Thursday, April 9, 2015

The Surrender and Its Legacy


Today marks the 150th anniversary of Robert E. Lee's surrender to Ulysses S. Grant at Appomattox Court House, effectively ending the Civil War, although sporadic fighting would continue for another month.  The war, which had begun 4 years earlier when secessionists shelled Ft. Sumter on April 12, 1861, was fought by southern states to preserve the abomination of human slavery.  Their act of treason in defense of slavery was a stain on American history, and an act whose effects continued beyond the end of the war in southern segregation,  the KKK, Jim Crow laws, today's voter suppression efforts, attempts at nullification of Federal laws, and the growing strength of racist right-wing organizations.  If anything, the postwar period brought defiance and denial from the former Confederates and their descendants.

Brian Beutler has an engaging article that proposes we should remember the defeat of the secessionist south by declaring April 9 a national holiday, and disavowing Confederate monuments and renaming facilities named after secessionist leaders who committed simple treason against the U.S.  The latter would involve renaming such army installations as Ft. Lee, Ft. Hood, Ft. Bragg, Ft. Benning and so on.  There are countless U.S. Army heroes that would merit the honor far more than those who actually took up arms against their country.

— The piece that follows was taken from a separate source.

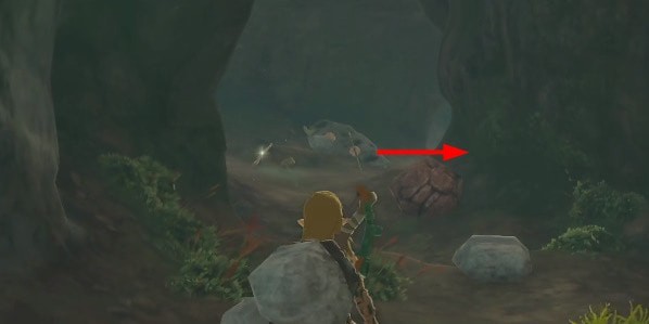 5.进入洞穴内部后,顺着下面的箭头,最后来到一块大石头前的房间。

The proposal, of course, will go nowhere, because of the rosy, heroic false narrative that has been constructed and embraced over the years about the Confederacy to heal the nation after the war.  Southern states which have incorporated the racist "stars and bars" flag into their state flags are just one example of the refusal to deal with the ignoble and vicious war fought to defend the enslavement of human beings.

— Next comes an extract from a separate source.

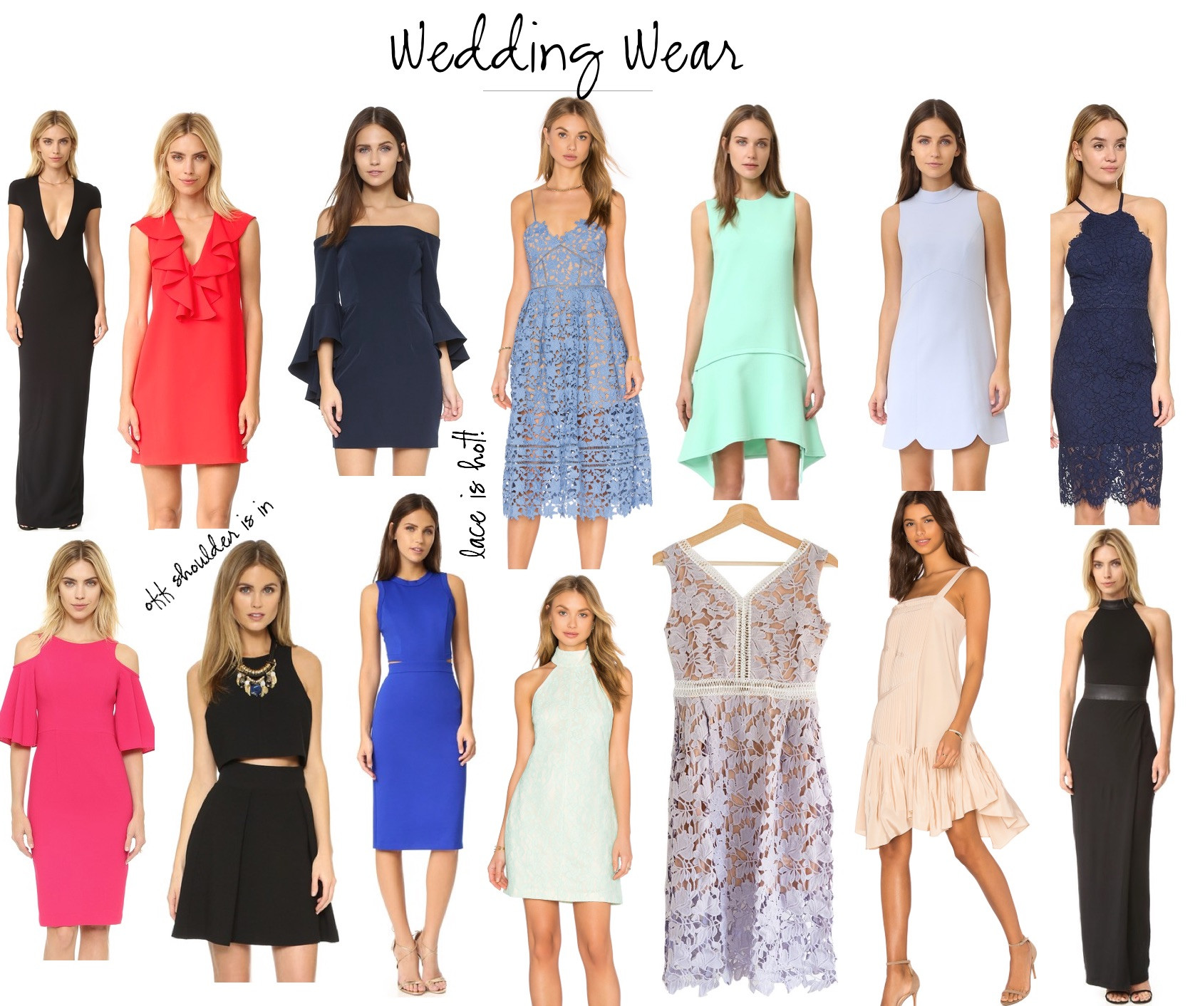 I am still loving everything off the shoulder, but I'm also obsessing over lace lately (like this one). I think lace makes for such an elegant and pretty dress to wear for a wedding. I love so many of the dresses below and even the touch of mid-riff or cut outs in the mid section. It makes for such a trendy option, but still sophisticated.

BONUS:  Harold Meyerson writes on the same subject today (please take time to read the entire op/ed):
The Southernization of the Republican Party and the increasing domination of Wall Street’s brand of shareholder capitalism over the nation’s economic life have combined to erode both the income and the power of U.S. workers. Unions are anathema to Wall Street and the GOP. Federal regulations empowering consumers and employees are opposed by both.
Fueled by the mega-donations of the mega-rich, today’s Republican Party is not just far from being the party of Lincoln: It’s really the party of Jefferson Davis. It suppresses black voting; it opposes federal efforts to mitigate poverty; it objects to federal investment in infrastructure and education just as the antebellum South opposed internal improvements and rejected public education; it scorns compromise. It is nearly all white. It is the lineal descendant of Lee’s army, and the descendants of Grant’s have yet to subdue it.